After photography was invented, painting was proclaimed dead, this is repeated in television in relation to film, yet painting and filming continue to this day. But the already established art and media forms react to the following developments not only in Impressionism, but also in Cubism and Surrealism, painting shows precisely those physiological and psychological aspects that escape photography. In contrast to the piecemeal and multi-voiced mass of information on television, cinema emphasizes the closed, emotionally binding story. Against the perfection of the industrial images, the artistic videos and performances set the breaking points and disturbances of a new authenticity. The avant-garde and the mainstream have thus been in an intensive interrelationship, both in terms of media and aesthetic situ, since the beginning of modernity.

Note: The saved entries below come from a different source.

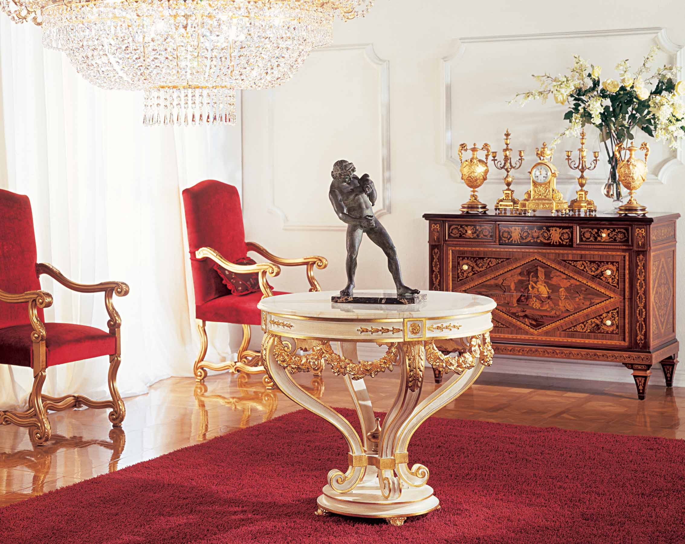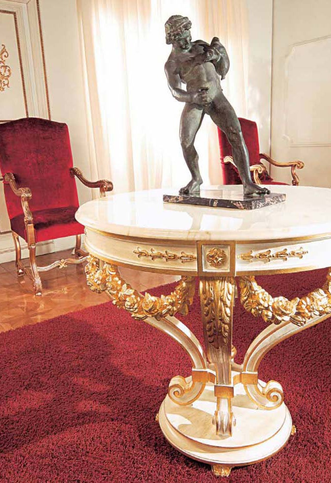 Table round Italian manufacturer Zanaboni. Presents table with round top the table tops and lower shelves. Legs model figure. Model white color with Golden decorative elements. Designed in the Baroque style.
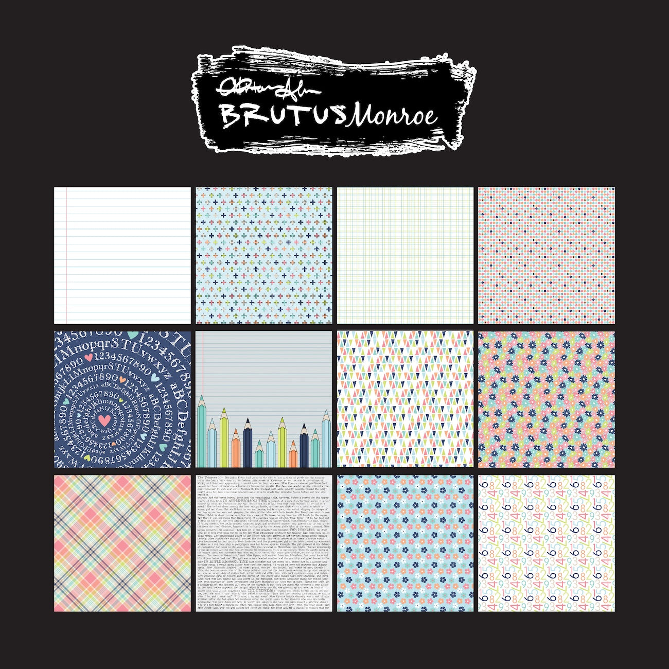 Brutus Monroe Hall Pass 6x6 Paper Pad is part of the Page Turner Collection. This playful 6 x 6-inch pad includes 24 colorful sheets featuring 12 school-inspired patterns, with four sheets of each. Designs include ruled paper, graphs, numbers, dots, triangles, flowers, pencils, alphabet, plaid, plus symbols, and playful classroom-themed text. Perfect for back-to-school projects, teacher gifts, or documenting academic milestones.
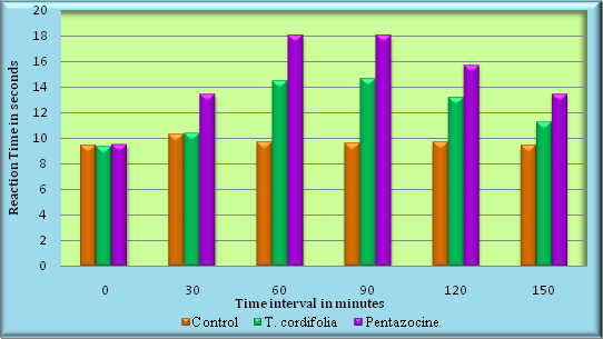 These results indicate that this commercially available extract of T. Cordifolia produced statistically significant (p<0.05) analgesia when compared with the control group in hot plate method.
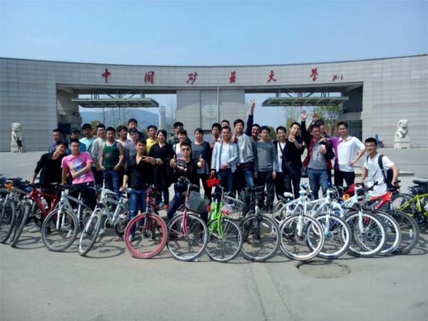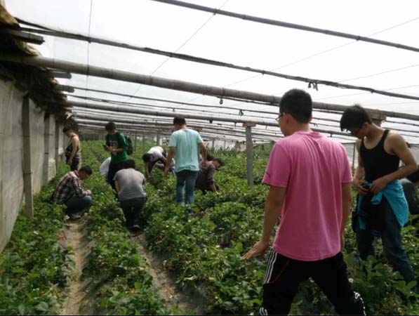 东门出发,前往徐州台上草莓采摘园,虽然途中有大风的阻挠,但同学们依然有说有笑地骑着车子,一路上大家互相帮助,有两名同学负责带路,有两名同学负责垫后,男生帮女生背包,轮流带不会骑自行车的同学,互相提醒注意交通安全,每隔一段时间就停下清点人数……在将近一个小时的骑行后到达目的地――台上草莓采摘园。台上村被称为“苏北草莓第一村”,当一排排鲜红欲滴的草莓呈现在大家面前时,大家都迫不及待地钻进大棚,不顾形象地在草莓园里尽情地吃,一时间好像都忘了旅途的疲惫。
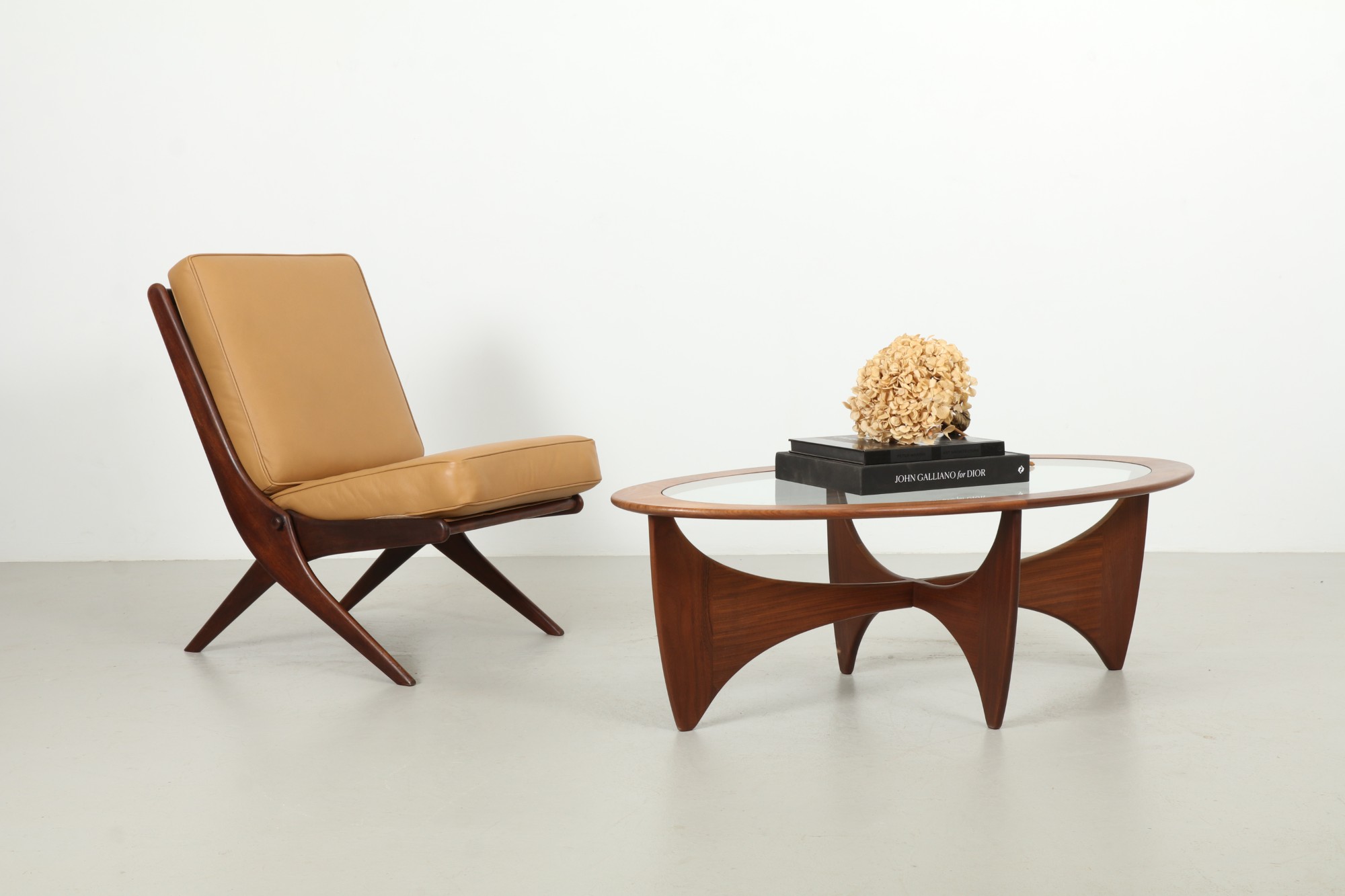 Rare and refined, this British-designed pair of ‘Scimitar’ lounge chairs showcases sculpted scissor frames with a striking, swooping profile. Thoughtfully engineered to fold, each chair delivers versatility without compromising the elegant, architectural silhouette.

Why is media used by artists?

There are two reasons why artists use the media. First reason lies in a loss of the broad impact of modern art, and is profoundly felt as it is clearly recognized. Since the emergence of the advanced medias at the end of the 19th century, at the latest at the beginning of the 20th century with the Abstraction and Cubism, advanced art has lost the general acceptance of the aesthetic “commonsense” of the contemporary population. The use of new techniques such as film and funk, which are potentially mass media, is linked to the hope of leading the avant-garde out of its self-inflicted isolation in order to “reconcile art and the people”, as Guillaume Apollinaire writes at the end of his book on Cubism in 1912.

The 1920s – 1960s

This development of contemporary media art was interrupted by the Second World War and only continued in the 1960s. There is a crucial difference between the utopias of the 1920s and the practice after the war. In the early 1920s, the film and radio were still seen as potential art forms, as if they were a continuation of art history by other means. In the 1960s, on the other hand, resignation spread to what is now called “the mass media” and is considered a lost ground for culture. Individual artists are working on alternative models in order to reclaim the media, at least symbolically, but without being able to change the commercially and politically shaped media system as a whole.